# Aim of the exercise
Exclude all pictures from your copy of the data below, which should otherwise match exactly.

[Collection entries]
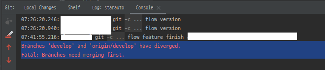 이제 git-flow를 마치고 feature를 finish 하려는 순간 위와 같은 오류가 난것이다
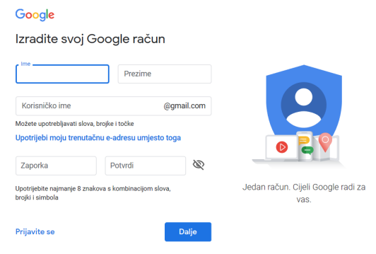 Izrada Gmail računa.
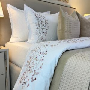 Sublimez votre chambre avec ce magnifique  ensemble de coussins et chemin de lit en brocard et velours, qui vient se poser délicatement sur une parure en 100% coton  brodĂ©e au fil de soie.
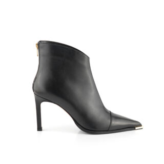 Tronchetto camoscio marrone con punta oro e zyp. Tacco 7 cm. Gold tip ankle boots brown suede. 7 cm heel.
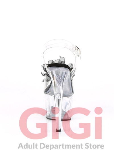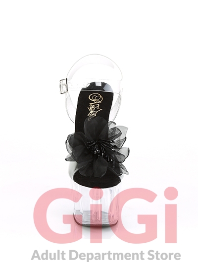 7" (178mm) Heel, 2 3/4" (70mm) Platform Ankle Strap Sandal Featuring Sheer Organza Flower w/ Beads at Toe
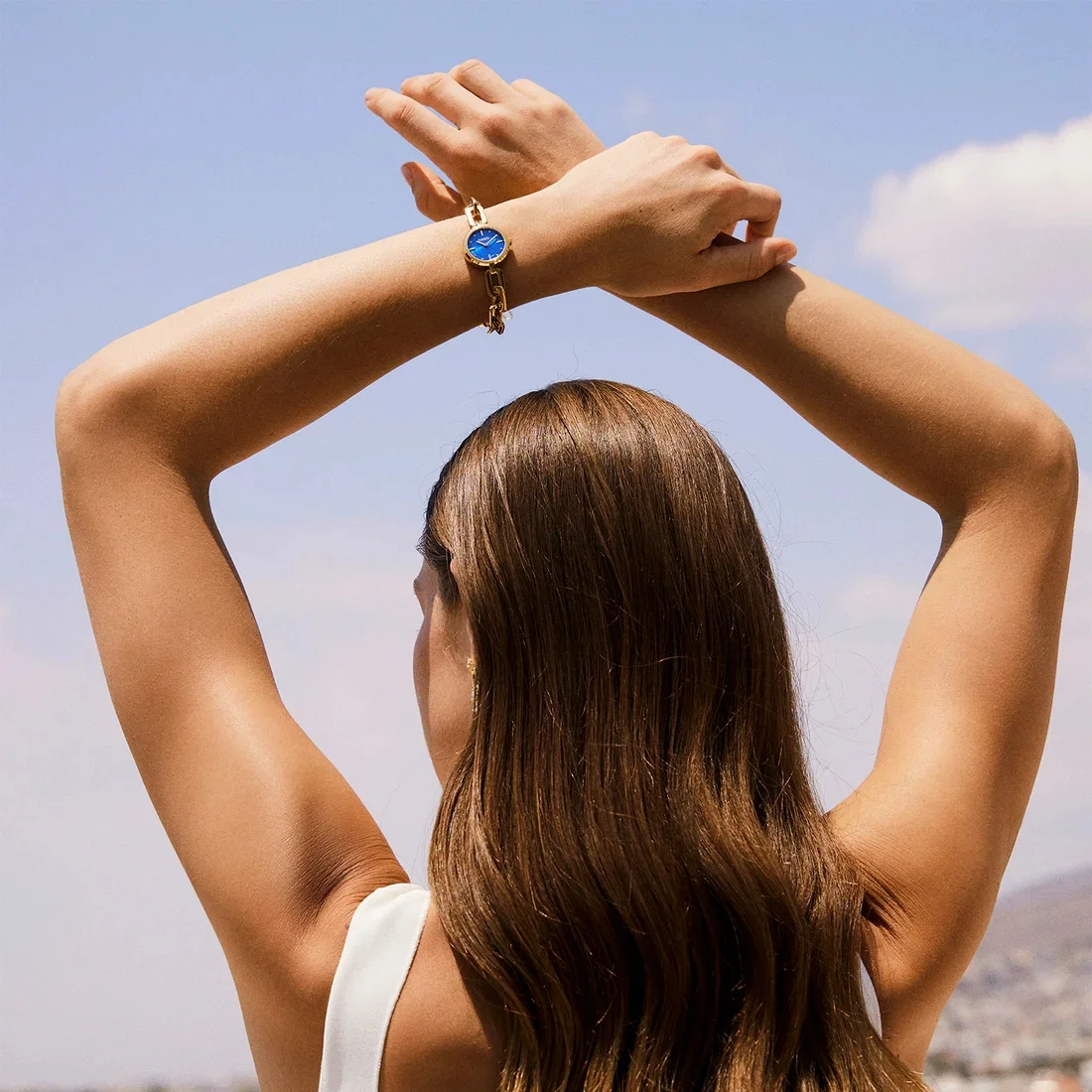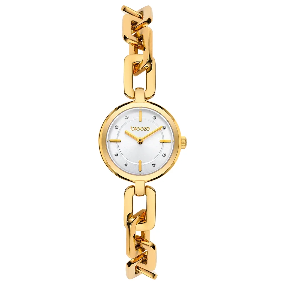 Γυναικείο ρολόι Breeze από επίχρυσο ανοξείδωτο ατσάλι με λευκό καντράν και μπρασελέ αλυσίδα.
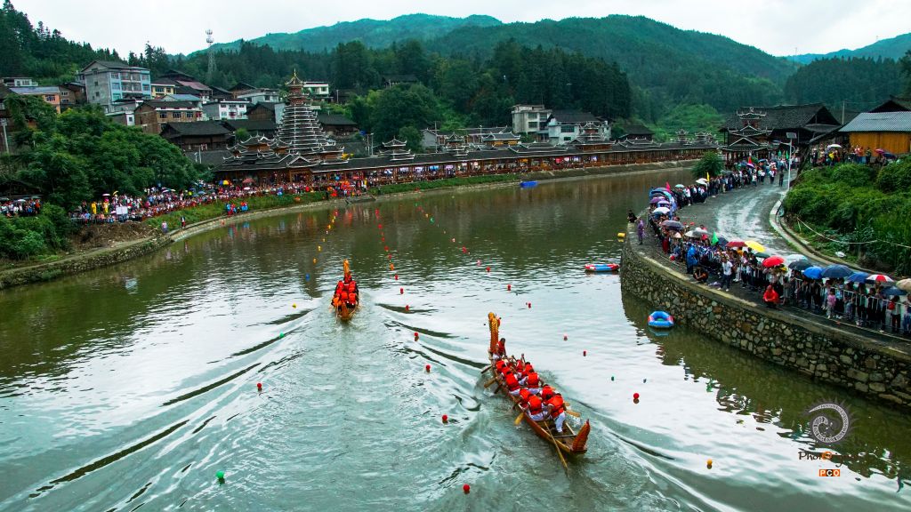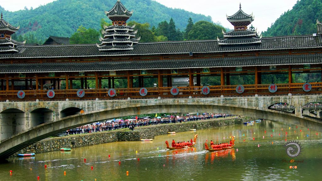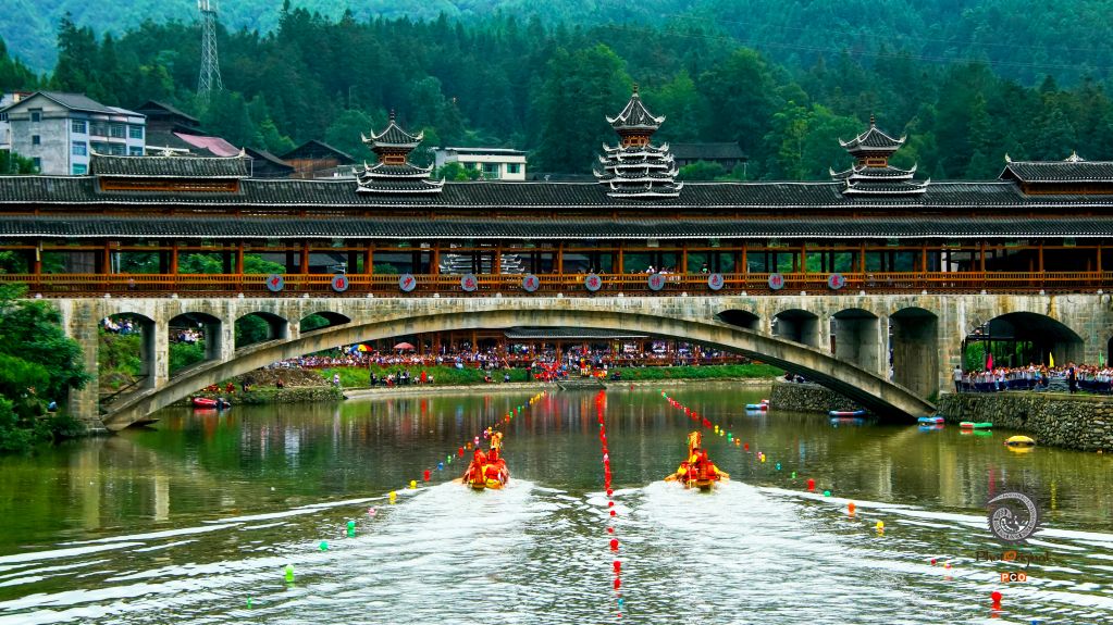 《风雨桥下竞龙舟》
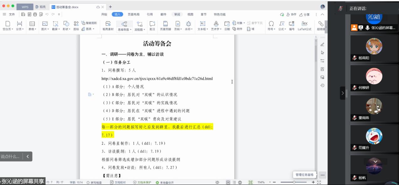 “护园”赴山东多地关于双碳背景下城镇居民低碳意识调研宣讲团在腾讯会议上召开暑期社会实践活动筹备会。队长张沁涵主持,来自哲学、社会学、新闻学专业的6名团队成员参与。
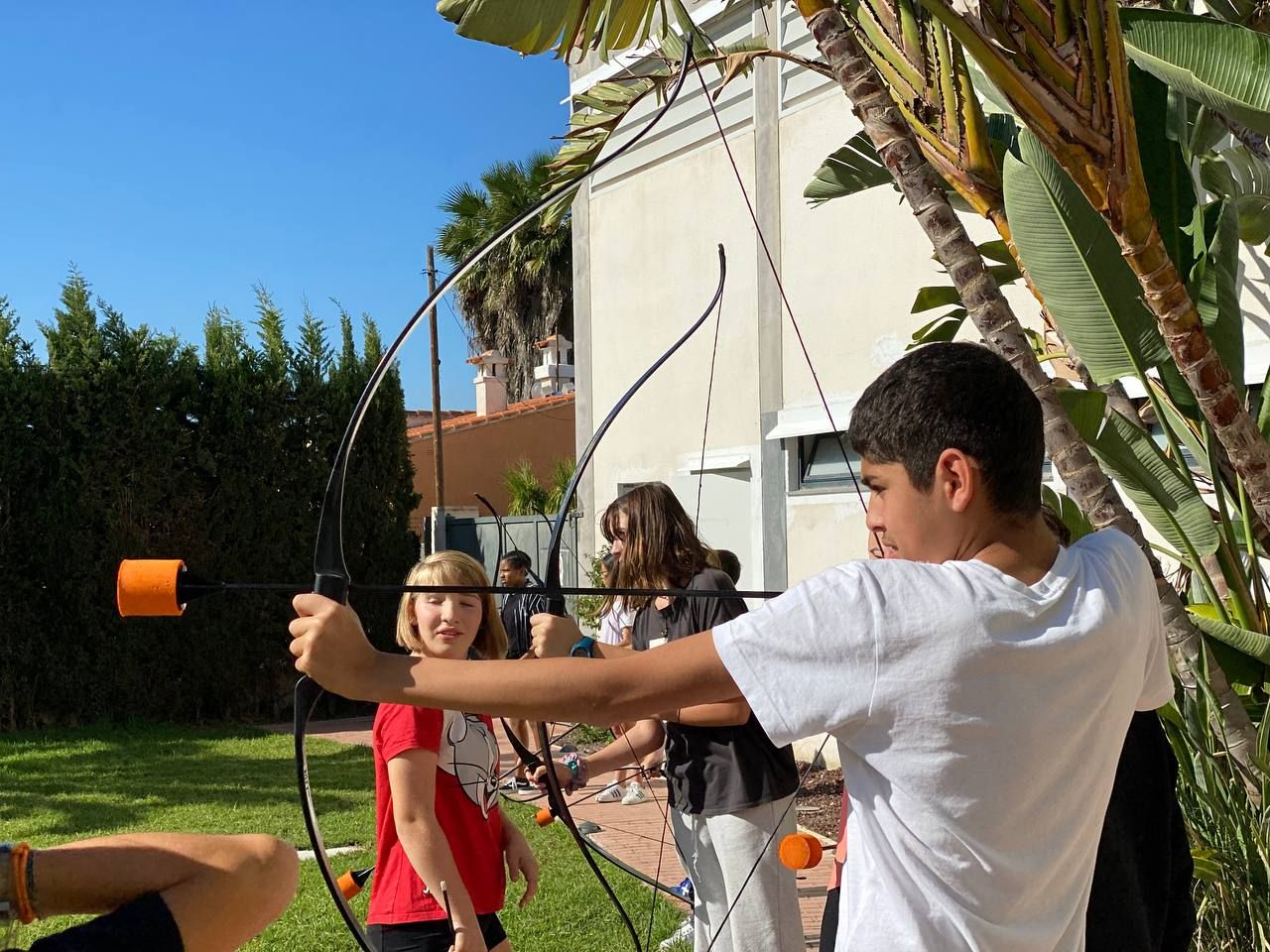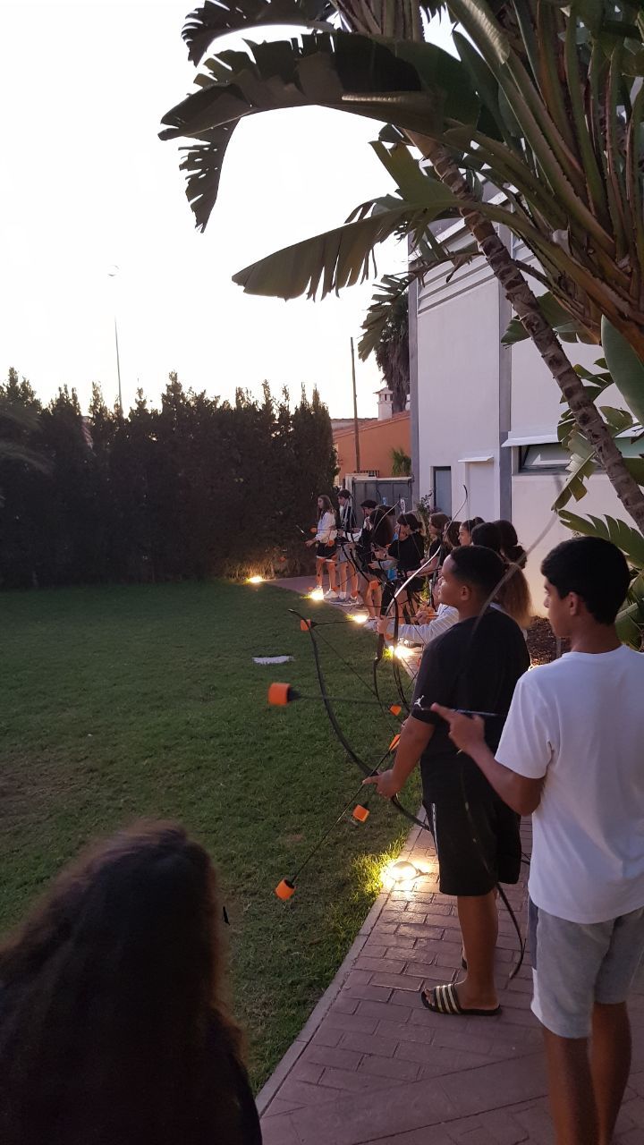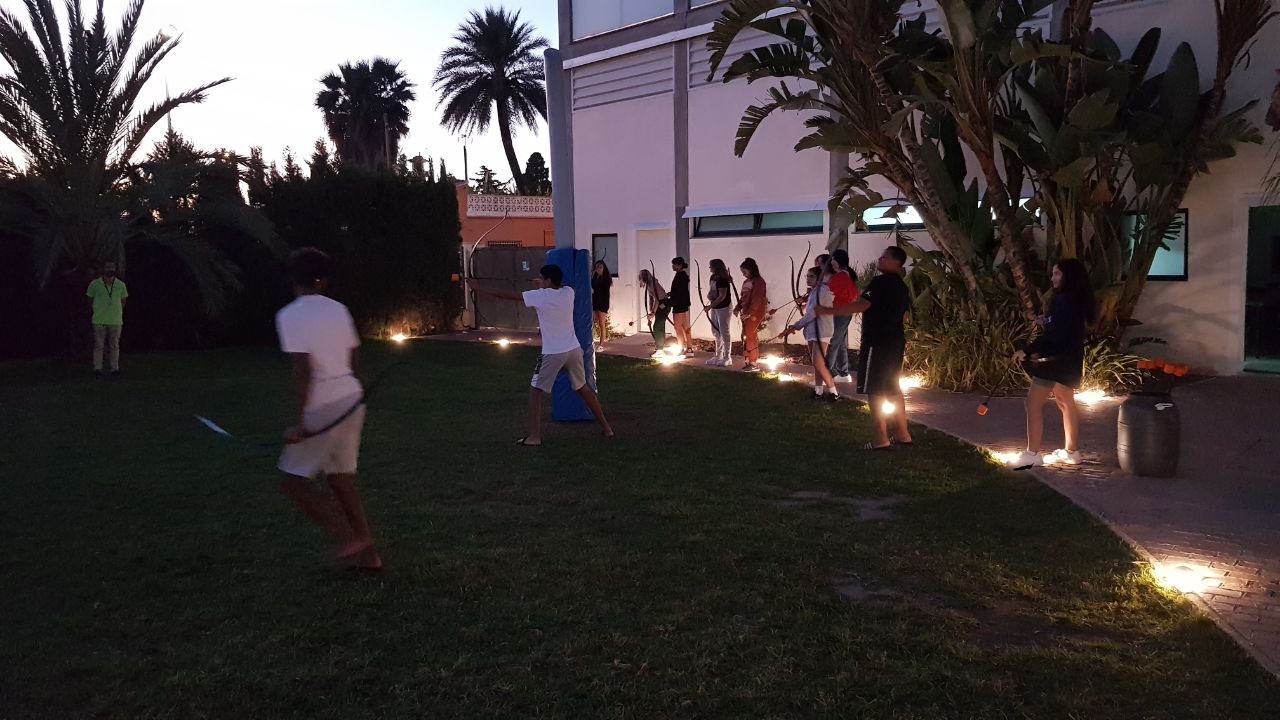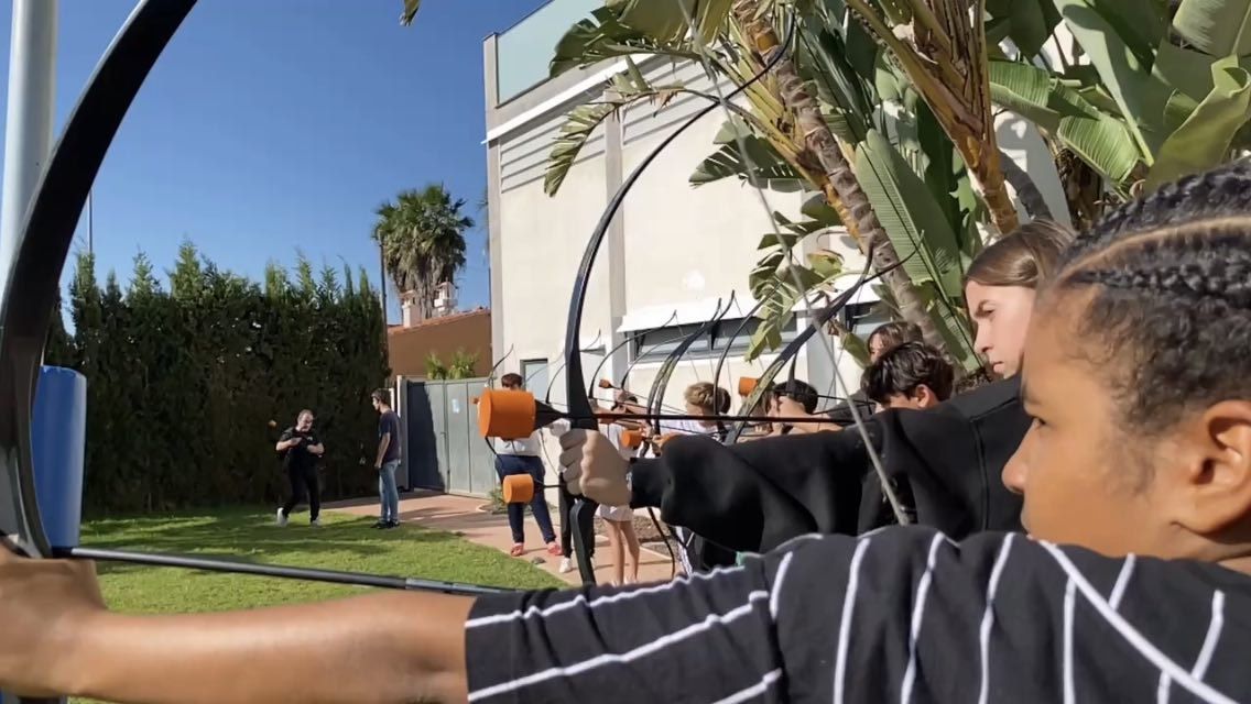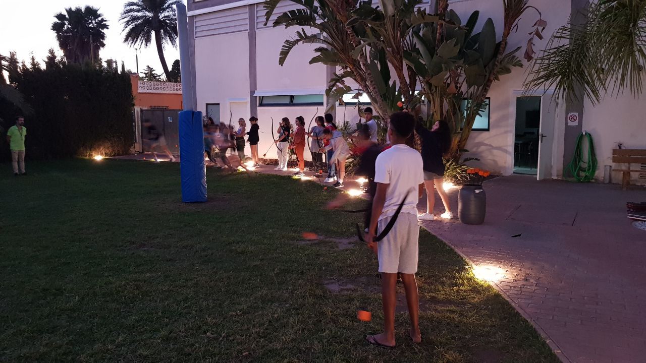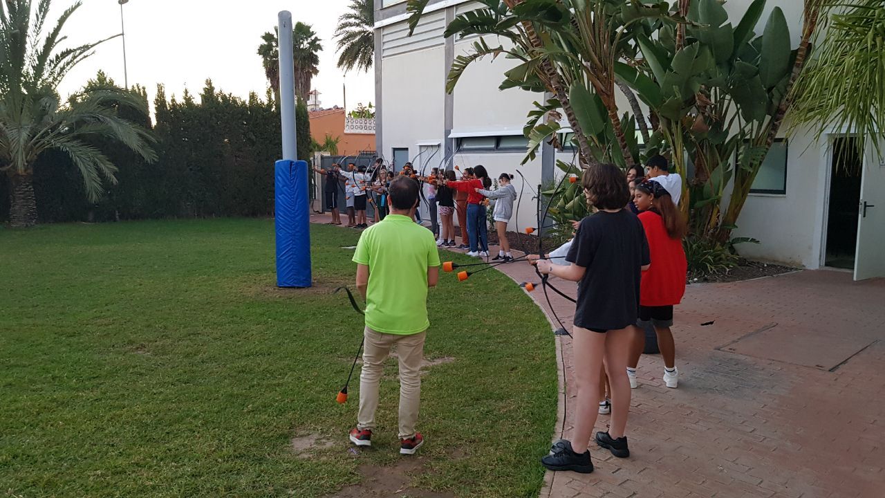 Esta actividad se realiza por turnos. Un grupo ha practicado el arco y la flecha y el otro ha podido disfrutar con actividades deportivas en la playa. Posteriormente, después de la comida y del trabajo propuesto por los profesores de los centros asistentes, los grupos realizan la actividad que no hayan realizado durante la mañana.

# Task solution
 이제 git-flow를 마치고 feature를 finish 하려는 순간 위와 같은 오류가 난것이다
 Izrada Gmail računa.
 Sublimez votre chambre avec ce magnifique  ensemble de coussins et chemin de lit en brocard et velours, qui vient se poser délicatement sur une parure en 100% coton  brodĂ©e au fil de soie.
 Tronchetto camoscio marrone con punta oro e zyp. Tacco 7 cm. Gold tip ankle boots brown suede. 7 cm heel.
 7" (178mm) Heel, 2 3/4" (70mm) Platform Ankle Strap Sandal Featuring Sheer Organza Flower w/ Beads at Toe
 Γυναικείο ρολόι Breeze από επίχρυσο ανοξείδωτο ατσάλι με λευκό καντράν και μπρασελέ αλυσίδα.
 《风雨桥下竞龙舟》
 “护园”赴山东多地关于双碳背景下城镇居民低碳意识调研宣讲团在腾讯会议上召开暑期社会实践活动筹备会。队长张沁涵主持,来自哲学、社会学、新闻学专业的6名团队成员参与。
 Esta actividad se realiza por turnos. Un grupo ha practicado el arco y la flecha y el otro ha podido disfrutar con actividades deportivas en la playa. Posteriormente, después de la comida y del trabajo propuesto por los profesores de los centros asistentes, los grupos realizan la actividad que no hayan realizado durante la mañana.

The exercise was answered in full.